Please post a pic of the damage


----------



## 2bizze (Jan 25, 2005)

I am having trouble getting a picture to post. What it looks like is someone used the claws of a claw hammer to beat the crap out of the flat surfaces on the cylinder head. This is on both flat surfaces above and below the valves. This is the same mating surface as the head gasket gaskets sits on that extends to the cylinder area. The cylinder heads surface is perfectly flat with no warpage of the head. The only damage is where these areas described is beat up and I'm sure the detonation is what caused the head gasket to fail.

Inside the dished area of the cylinder head there is no damage, nor is there any damage to any of the valves.

So now my question is why did this cylkinder run lean, and not the others? 

Why didn't the Knock sensor retard the timing? Does the knock sensor need to sense detonation in all cylinders before it retards the timing? Could the knock sensor be bad as well?


----------



## 2bizze (Jan 25, 2005)

I attached a picture of the detoantion on our race site. Its not a very good picture but you will get the general idea. 

www.shaneharding.com/albums/album_image/3888274/4191647.htm


----------



## Quick69GTO (Jun 8, 2008)

Could have been a clogged or weak injector, an intake leak, a low level head gasket leak allowing small amounts of coolant into the combustion chamber,..........anyway, the damage is done.
I would just forget about that engine and drop one from a salvage yard in it.


----------



## IanH (Feb 11, 2003)

What about the loose screws from the butterfly valves !!!


----------



## 2bizze (Jan 25, 2005)

IanH said:


> What about the loose screws from the butterfly valves !!!

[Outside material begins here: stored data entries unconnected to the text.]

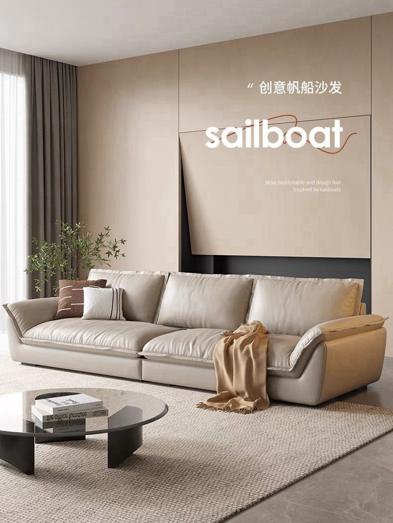 帆船沙发 简约客厅极简风家用羽绒头层牛皮沙发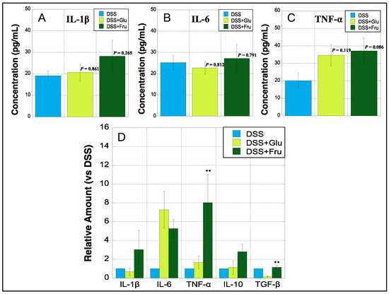 Colonic expression of cytokines at protein and genetic levels. (A–C), The y-axis represents the concentrations of IL-1β, IL-6, and TNF-α (pg/mL) in the colon of rats estimated using ELISA, respectively. (D), The y-axis represents mRNA expression levels of interleukin (IL)-1β, IL-6, tumor necrosis factor (TNF)-α, IL-10, and transforming growth factor (TGF)-β in the colon tissues of DSS + Glu and DSS + Fru groups versus those of the DSS group, as determined using real-time PCR. Data values are presented as the mean ± standard deviation (±SD). DSS group (light blue square), DSS + Glu group (light green square), DSS + Fru group (dark green square). Each p-value in the figure: DSS group vs. other groups. DSS, dextran sulfate sodium; DSS group, DSS-induced experimental colitis rats fed AIN-93G; DSS + Glu group, DSS-induced experimental colitis rats fed a glucose-excessive diet; DSS + Fru group, DSS-induced experimental colitis rats fed a fructose-excessive diet. ** p < 0.05 (DSS + Glu group vs. DSS + Fru group).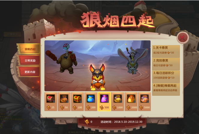 开放狼烟四起主题活动和兑换。主题界面中,我们投放了多种多样的奖励,包括换装“茕茕白兔”、全新宠物“熔岩恶犬”以及诸多稀有材料等等。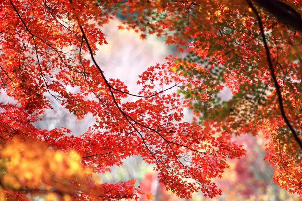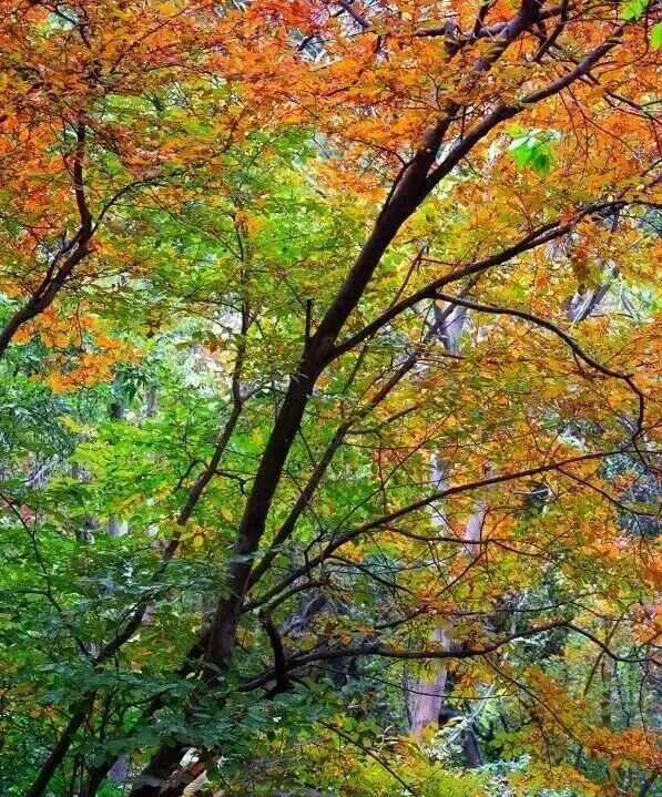 绵延的山谷像打翻的调色盘,红色是主调,其间点缀着金、橙和绿色,错落有致,构成一幅温暖的秋景长卷。

????? Are you suggestion a screw came loose and worked its way into the cylinder? If you are I'm positve thats not the case as there is no damage anywhere on the piston or cylinder head except the areas described.

A screw bouncing around in there would have covered the whole piston with those marks.


----------



## IanH (Feb 11, 2003)

Yes, from the power valves, this is a known problem.
Ok just wondered if this was the cause of the damage.


----------



## 2milehi (Mar 4, 2008)

+1 with a poor flowing injector


----------



## 2bizze (Jan 25, 2005)

*HELP!!!!!!!!!!!!!!!!!!!!!!!!!!!!!!!!!!!!!!!!!!!!!*

Replaced both cylinder head gaskets, no warpage found on either head. Replaced the water pump. Replaced both and thermostats again. Flushed and checked each fuel injector for flow. 

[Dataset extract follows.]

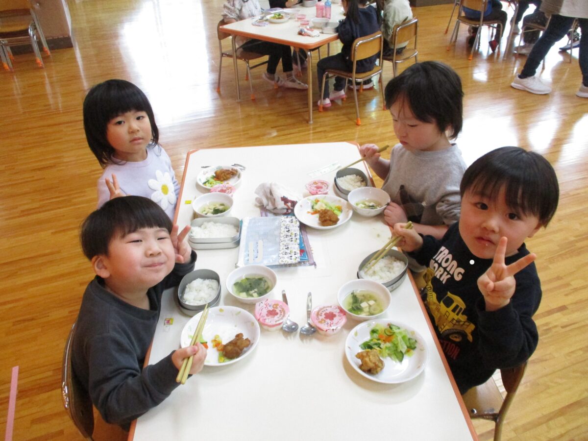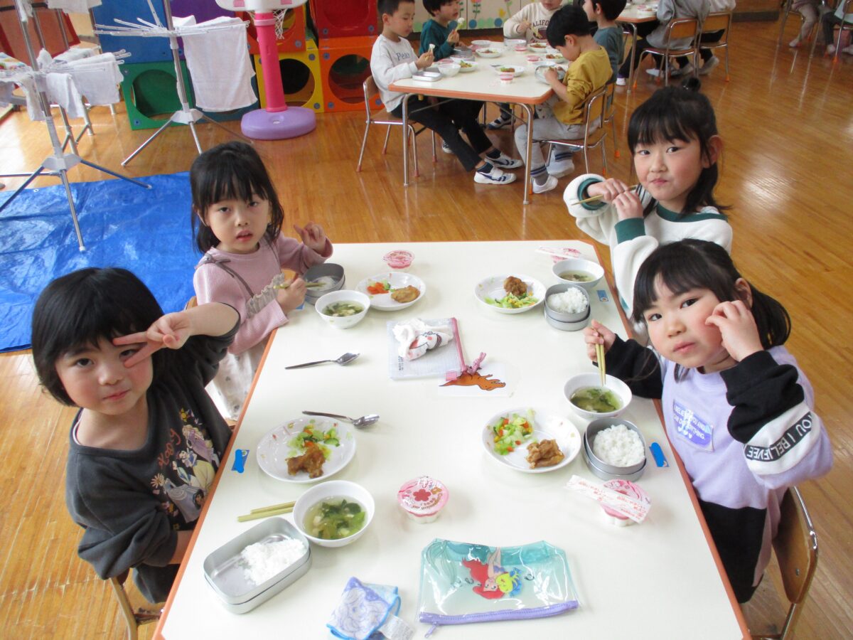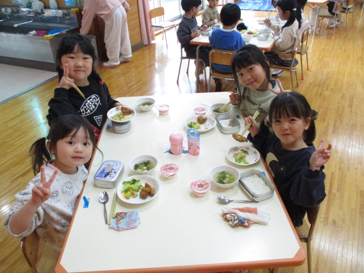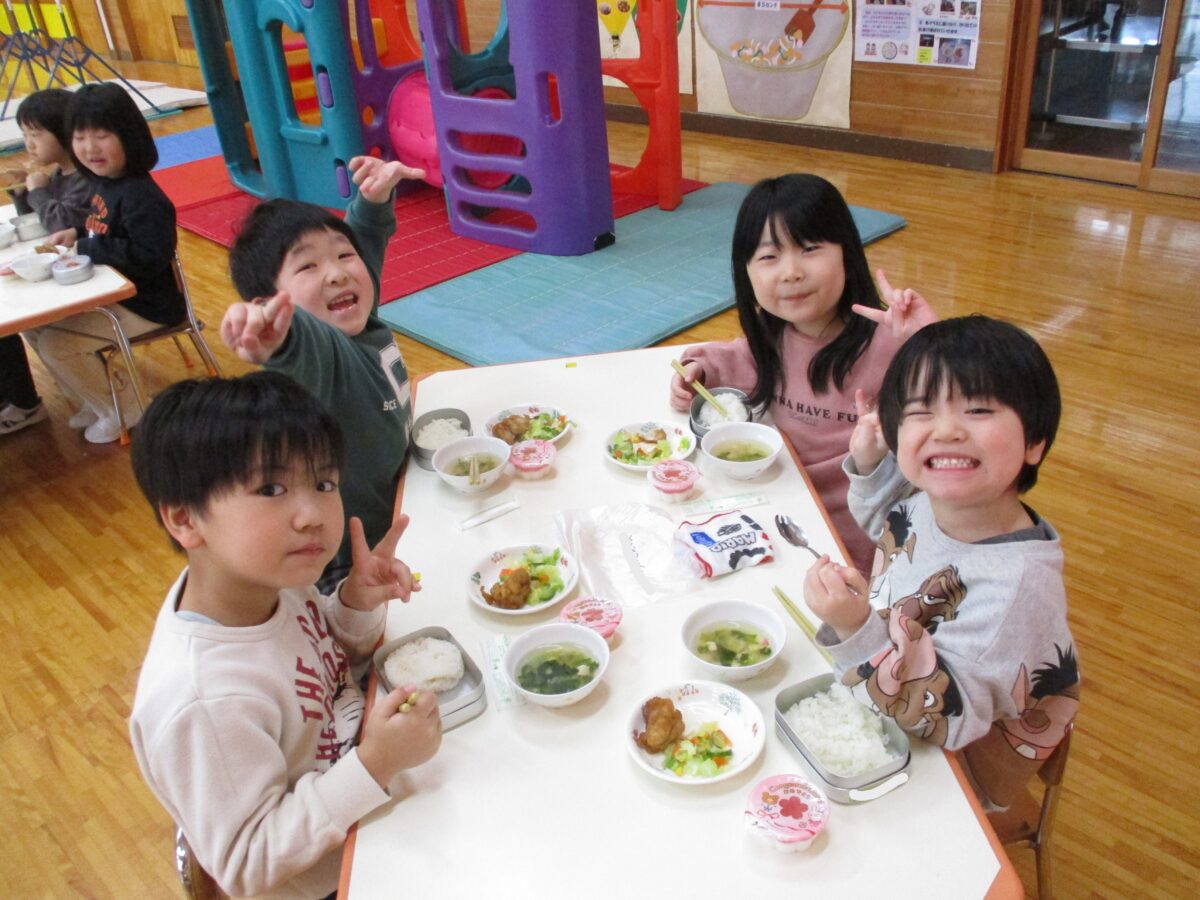 給食ははな・ほし・つき組で会食をしました。いつもと違う雰囲気を楽しみながら、おいしくいただきました!

It still has intermittant overheating. Two weeks after the work was done it overheated, then it hasn't over heated in the past week. It was not low on fluid after the overheat. Unfortunately didn't get to check to see if was filling up the overflow bottle while it was happening.


----------



## Meadow (Nov 29, 2008)

*Please Help!! Overheating again!*

Hi,

I have a 2001 Nissan Pathfinder and about a month or so ago I noticed the temperature was rising. I am a girl who doesn't know much about cars so I pulled into the nearest gas station and asked for help. After figuring out it needed coolant, I bought the coolant and he filled it for me. 
About a week later I was on my way to school and it started to overheat again but this time I didn't notice anything until smoke was pouring out from the hood. At this point there wasn't much I could do since it was 6am, so I pulled over, turned off the engine and sat for a bit then drove to school. On my way home I stopped at a nearby Jiffylube and they topped everything off. I took it into the mechanic and he checked everything - pressure tests, let it run for awhile and ofcourse it didn't overheat. He thought it was the radiator but apparently not and basically he didn't know what was wrong because it wasn't overheating for him. Then just today it started chugging like it was running out of gas. It's so frusterating because I work full time and go to school full time - I NEED a car, but I can't afford multiple repairs. I don't know what I should do, or what is wrong with it. Can anyone help??? Please?


----------



## 2bizze (Jan 25, 2005)

I can tell you this an exremely expensive repair. A dealer will charge you 22 hours of labor per side to change the head gaskets. Depending on which dealer you take this to this will amount up to $3300.00 per cylinder head and youhave two cylinder heads.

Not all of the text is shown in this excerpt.